I let out a long breath as we walked outside. Bonding my daēva meant I could hunt Druj. Go on patrol with Ilyas and Tommas. Tijah had already been promoted several months before. Now the six of us would be a unit. I’d been waiting for this moment for more than three years, and yet part of me still wanted to run in the other direction as fast as I could.

We came around the corner of the barracks and there he was. A boy still, although not for much longer. I took in the close-cropped brown hair and pale, serious face. His sky-blue tunic matched his eyes, which were not particularly warm. More along the lines of one of the glacial lakes I’d bathed in as a child.

I walked right up to him, refusing to be cowed. It seemed prudent to let him know who was in charge immediately.

“I’m Nazafareen,” I said.

Darius nodded. His face was perfectly impassive, but did I see a spark in those eyes? Of fear? Contempt? It came and went too fast to tell.

I had no idea what to say next, so we just stood there in awkward silence for what felt like an eternity. Finally, the magus spoke.

“Come. Satrap Jaagos and the other Water Dogs are waiting.”

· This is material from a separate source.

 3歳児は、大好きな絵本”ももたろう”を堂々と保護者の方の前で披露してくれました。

The bonding ceremony took place in the audience chamber of the satrap. It was a cavernous room, with vaulted ceilings of gilded tile and three marble pillars. The walls were carved with bas-reliefs of horses, their arched necks and braided manes rendered in exquisite detail.

Jaagos sat on his throne, his Water Dogs arrayed to either side. Half of them wore tunics of sky blue, the other half of a deep, bloody red.

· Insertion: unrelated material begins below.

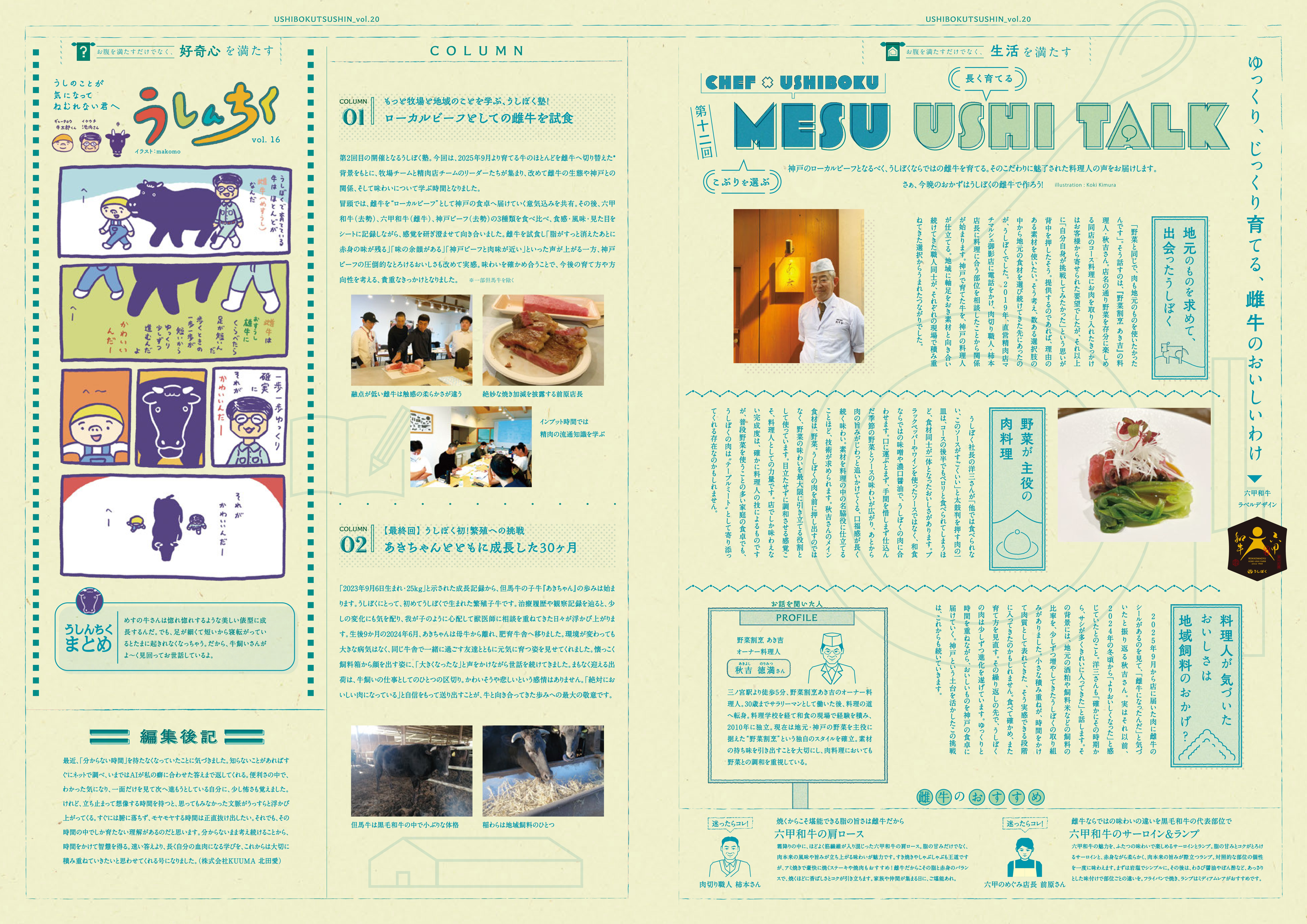 “牛と人と工夫を、考える”をテーマに、種のかけあわせに思考を巡らせた今号。オーストラリア生まれのアンガス種と、日本が誇る黒毛和種の交雑種である六甲牛。うしぼくが六甲牛と出会うまでの奔走劇や、その味わいに惚れ込んだシェフのインタビュー、うしぼくスタッフによるマニアックな肉トークなどをお届けします。
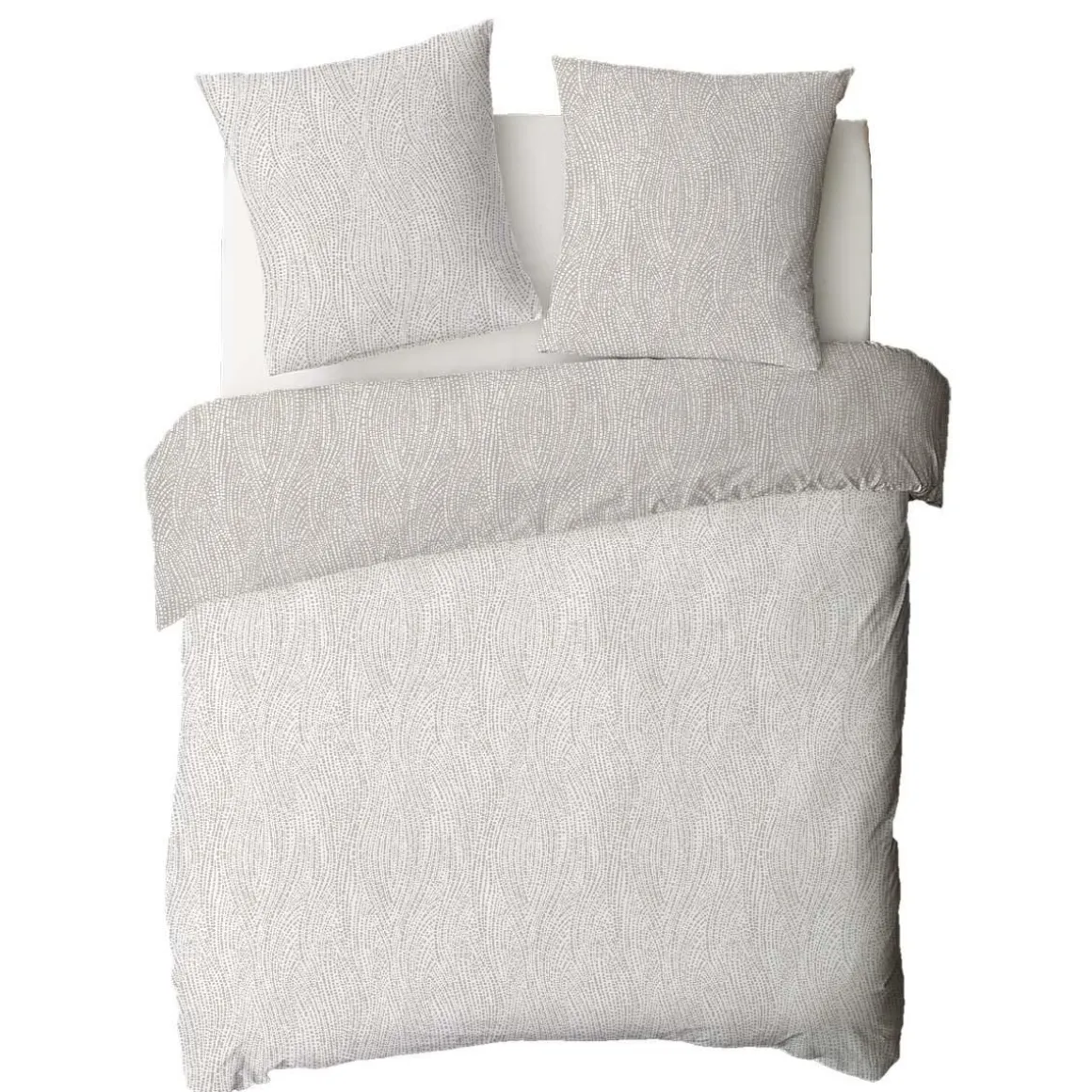 Parure de lit en coton réversible imprimé géométrique 57 fils beige comprenant 1 housse de couette + 2 taies d’oreiller 63x63cm.

I’d seen Jaagos from afar a few times, but this was the closest I’d ever been to him. In the moment before I prostrated myself, I saw a chubby man dressed in a rich gown of silver thread. He was bald as an egg, with thick lips and sloping shoulders. A housecat among lions.

I pressed my forehead to the stone. To my right, Darius did the same.

I was keenly aware of the eyes of the Water Dogs on me. They were the ones I wanted to impress, especially Ilyas. I didn’t give a fig about the satrap, except that I knew I didn’t want to make him angry. His authority was absolute, the hand of the King in Tel Khalujah, and if he wanted me dead, he had only to make the slightest gesture and it would be done.

“Get on with it,” Jaagos said after an appropriate amount of time had passed for the obeisance.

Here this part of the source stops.